A new fault-tolerant control method for aero engine is proposed, which can accurately diagnose the sensor fault by Kalman filter banks and reconstruct the signal by real-time on-board adaptive model combing with a simplified real-time model and an improved Kalman filter. In order to verify the feasibility of the method proposed, a semi-physical simulation experiment has been carried out.

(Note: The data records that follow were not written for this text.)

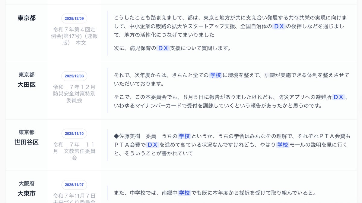 などの行政データをAIで解析・構造化しています。
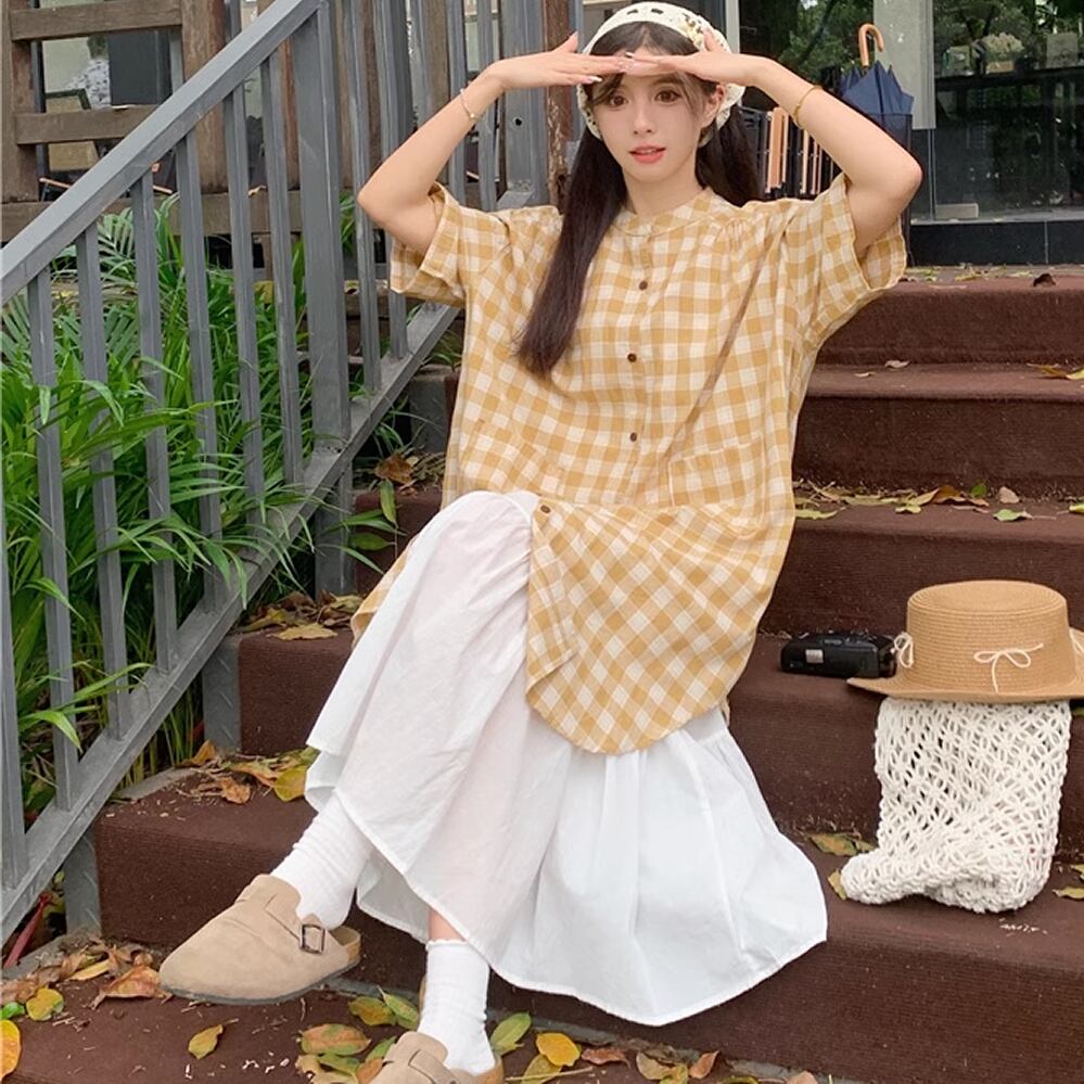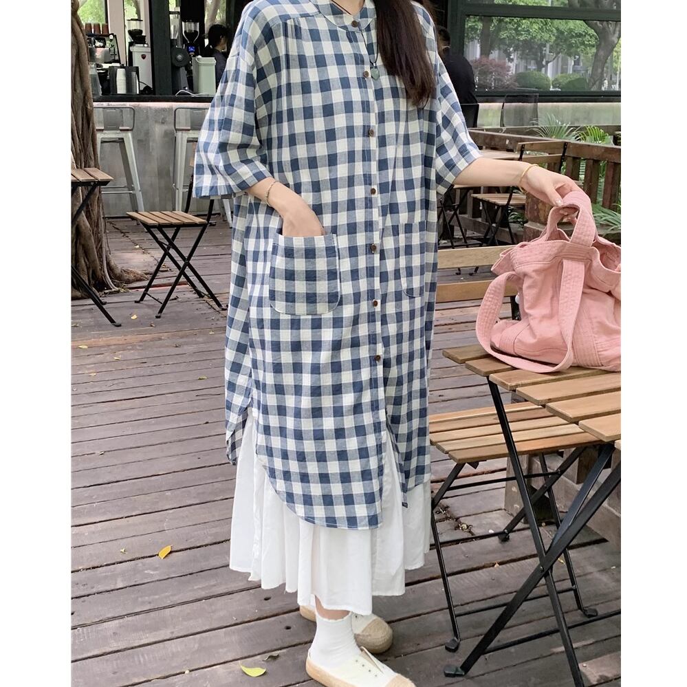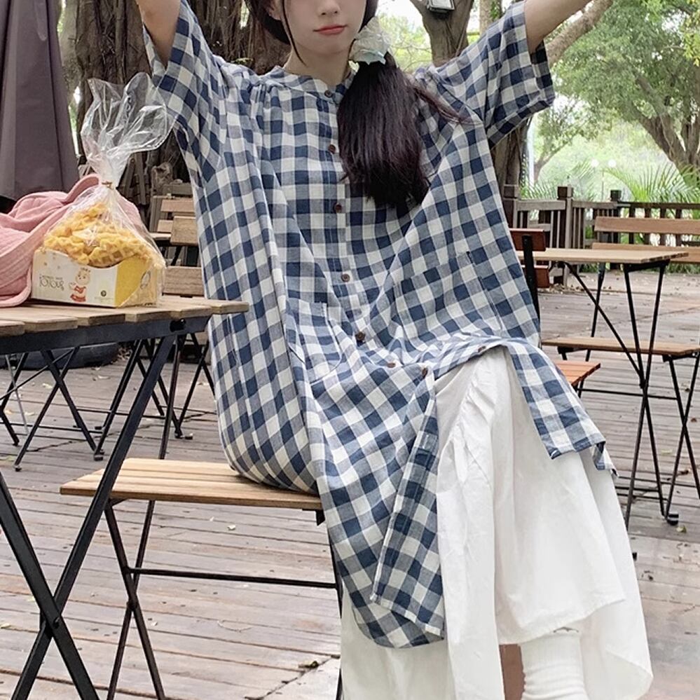 レディース チェック柄 シャツワンピース 半袖 ロング丈 ブルー イエロー AS11075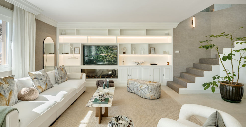 Located in the highly sought-after Marbella Golden Mile, Costa PH is an exceptional duplex penthouse that offers breathtaking panoramic views of both the sea and the mountains. Designed with a modern open-plan layout, the living, dining, and kitchen areas flow seamlessly together, creating a bright and spacious ambiance. The state-of-the-art kitchen features a striking marble island, elegant wooden cabinetry, and high-end integrated appliances, complemented by a stylish wine rack that adds a touch of sophistication.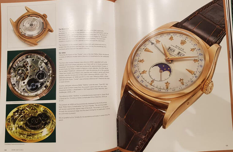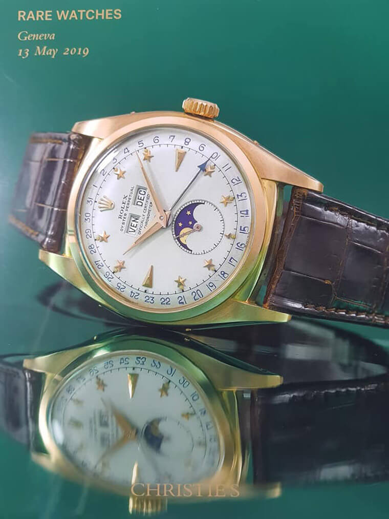 Roger举两个例子,首先是劳力士1950年代制作的一款全日历月相表(编号6062),看起来小有特色但就是经典正装表的设计,它竟然被放到了这次佳士得拍卖会的封面位置,至于预估成交价呢?瑞郎1百万~2百万,如果瑞郎看起来没有太惊讶的感受,那换算成台币的话,它的预估成交价最高可能会冲高到台币六千万!花六千万买一只劳力士,这应该超出多数人的想像了。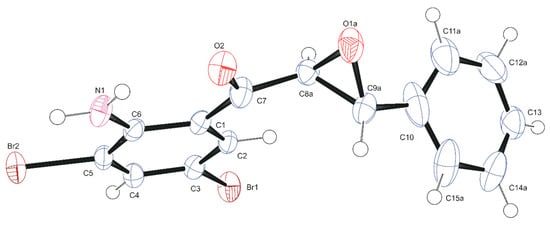 Intensity data were determined on a Bruker Venture D8 Photon CMOS diffractometer (Bruker AXS, Madison, WI, USA) with graphite-monochromated MoKα1 (λ = 0.71073 Å) radiation at 173 K using an Oxford Cryostream 600 cooler. Data reduction was performed using the program SAINT+, version 6.02 []. Face-indexed absorption corrections were performed with SADABS []. The space group assignments were made using XPREP []. The structure was solved in the WinGX [] Suite of programs using direct methods through using SHELXS-97 [], and refined using full-matrix least-squares/difference Fourier techniques on F2 using SHELXL-2017 []. All hydrogen atoms were placed at idealized positions and refined as riding atoms with isotropic parameters 1.2 times those of their parent atoms. The disorder around epoxide group C8–O1–C9 was resolved by finding alternate positions in the difference Fourier map and by refining their occupancies to final values of 0.578(8) and 0.422(8). The disorder around the phenyl ring of atoms C11, C12, C14 and C15 was resolved by finding alternative positions in the difference Fourier map and refining their occupancies to final values of 0.536(7) and 0.464(7). Diagrams and publication material were generated using ORTEP-3 [] and PLATON [].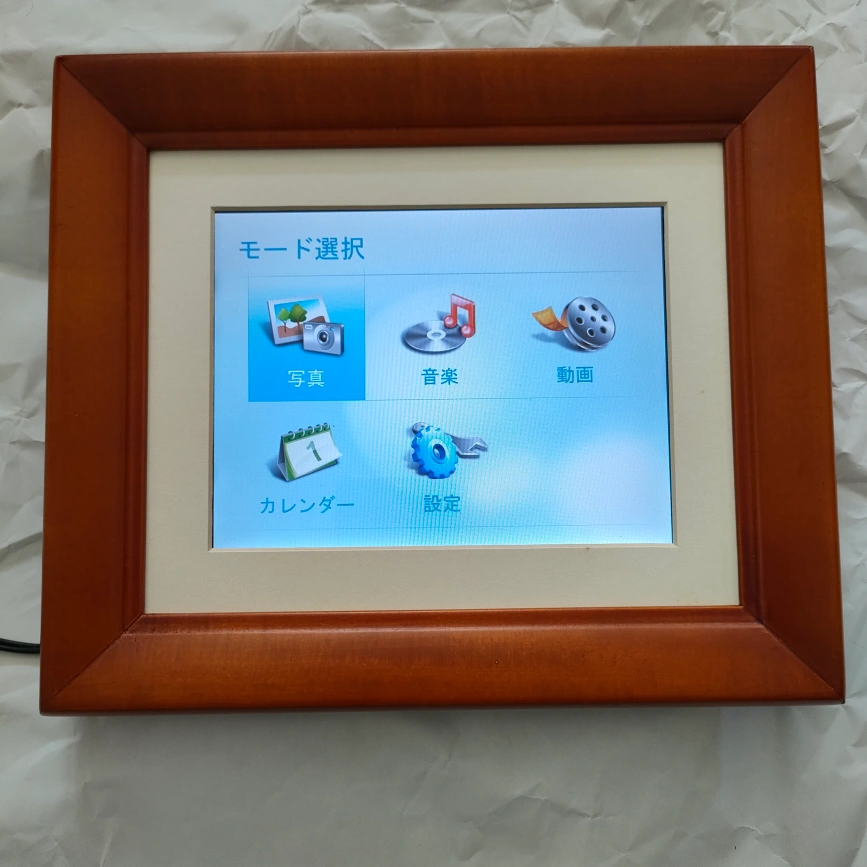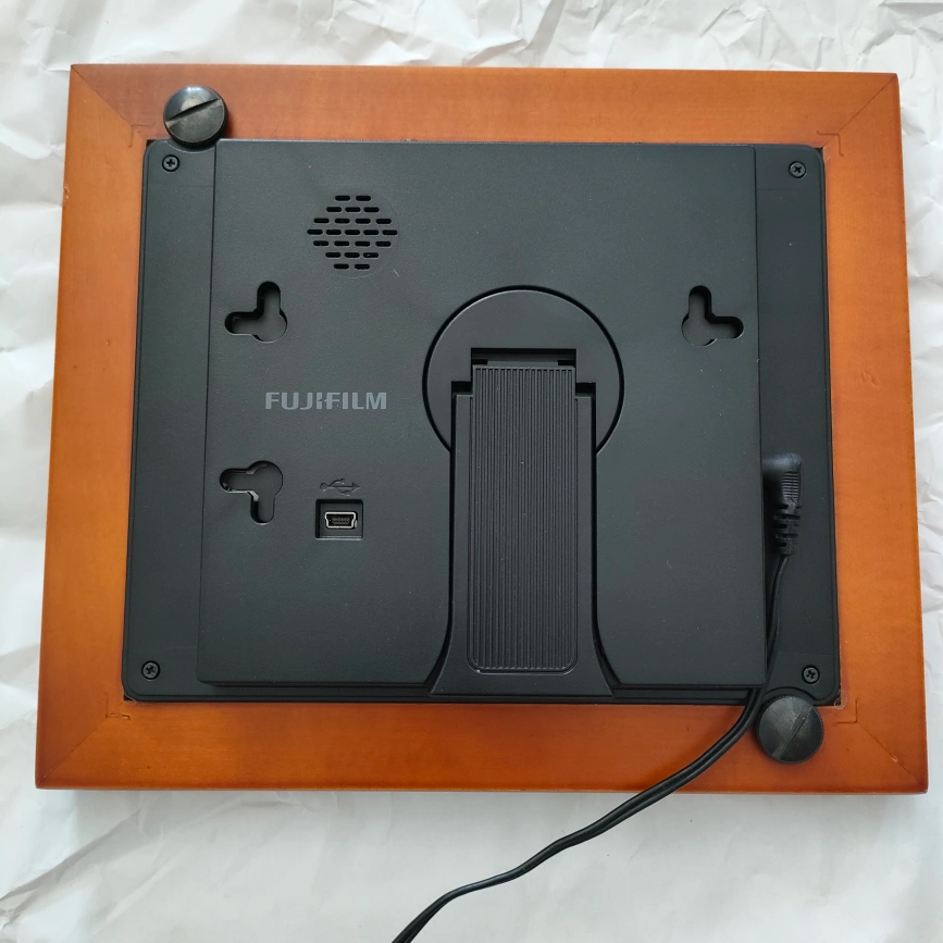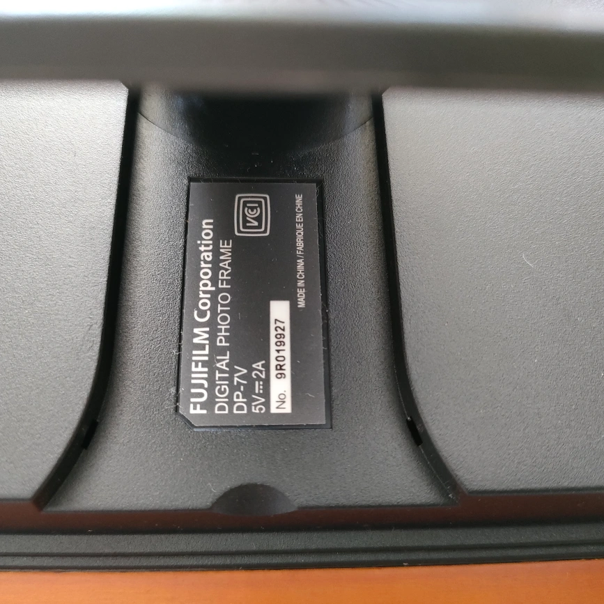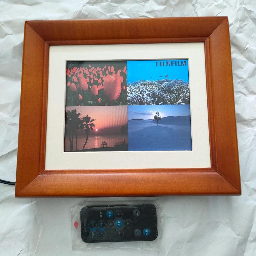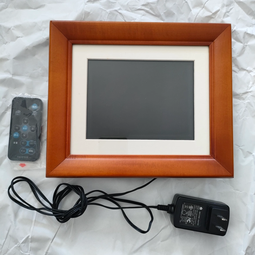 富士フィルム デジタルフォトフレームDP-7V 内容は本体、電源アダプター、リモコン です。 取扱い説明書はありませんが、ネット上で閲覧できました。 写真のスライドショーがオートで再生されます。 カレンダー、時計表示もできます。 額の白い台紙に数店のシミ、額縁裏側に一箇所キズがあります。 額縁を外して簡単に清掃しておきました。 台紙のシミが気になる方は、お気に入りのマスキングテープでシミ隠し+デコレーションしても良いかと思います。 お値下げはご遠慮下さい。

Besides the real I/O interfaces, controller hardware and the virtual plant model, semi-physical simulation system also contains real fuel system. Compared with the hardware-in-the-loop (HIL) simulation, semi-physical simulation system has a higher degree of confidence. In order to meet the needs of semi-physical simulation, a rapid prototyping controller with fault-tolerant control ability based on NI CompactRIO platform is designed and verified on the semi-physical simulation test platform. The result shows that the controller can realize the aero engine control safely and reliably with little influence on controller performance in the event of fault on sensor.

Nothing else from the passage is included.